Training. By go-live your team should be performing, not rehearsing for the first time. You put them in a sandbox first and make them work through the real steps by hand, with no live customers, no real money, and no one's job riding on it. The reps they get there are what keep them steady once they're doing it for real under pressure.
Enablement. This is the guide who walks you through the valley and away from despair. We stay after launch instead of packing up. We sit with your team, catch every "this doesn't work how we thought it would," and drop each one into one of two piles. One pile hurts because it's new, and it gets better on its own once people get used to it. The other pile hurts because we built it wrong, and that's a bug we go fix. We've had users call us on day one screaming "everything is broken!" only to get on a Zoom with them and resolve their issue with a single click. Sorting real issues from "everything is new and different!" panic is most of the job at go-live.
Running two systems at once
You almost never move a whole operation over in a single night. The clean break is often for new work. Anything already in motion completes in the old way. So for a while (sometimes months), you're on both at once. Old projects wrap up the old way, new ones start the new way, and everybody in the middle is working in both worlds at the same time. This is temporary. The last old project finishes, the old system goes quiet, and the team gets to live in one place again.
It's fine if you're mad at us
We tell every client this straight, before we start: for a while the job is going to feel harder, and you and your team are going to be mad at the people who did this to you. Good. That anger is the fuel the whole thing runs on. Every complaint that comes out of it is a piece we can sort. When your controller corners you sure we broke something, that's the work happening out loud. Bring it to us and we'll tell you which pile it lands in, and whether it heals with reps or gets a fix.

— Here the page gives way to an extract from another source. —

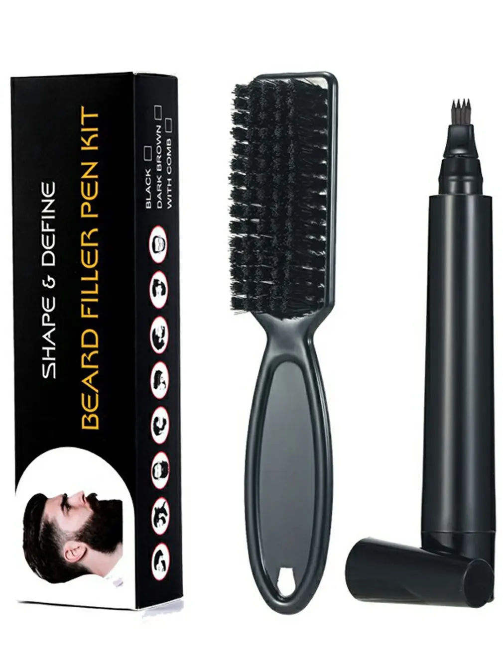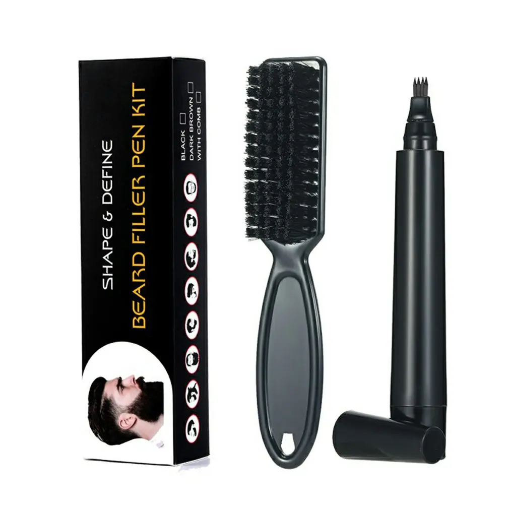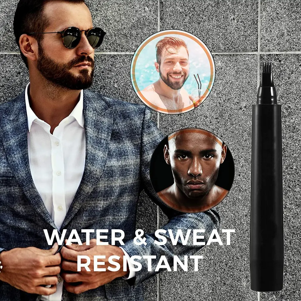 Ручка и кисточка для бороды, портативный фломастер с четырьмя зубцами для бороды, водостойкая, для парикмахера

It helps to make it smaller in your head, too. Nobody's launching a rocket here. Whatever breaks on day one, everyone's still breathing at the end of it. It's fine to hit something that doesn't work, or do it wrong, or not have it figured out yet. That's what the first few weeks are for.
Final thoughts
The valley is what you pay for the view. You don't get to skip it, and anyone who tells you otherwise is lying. The only things you get a say in are how rough it gets and who's down there with you.
Getting you live is the easy part. The partner worth having is the one still standing next to you at the bottom, helping you climb the other side. Get the plan, the prep, and the people right, and it stays a valley. You can leave the despair out of it.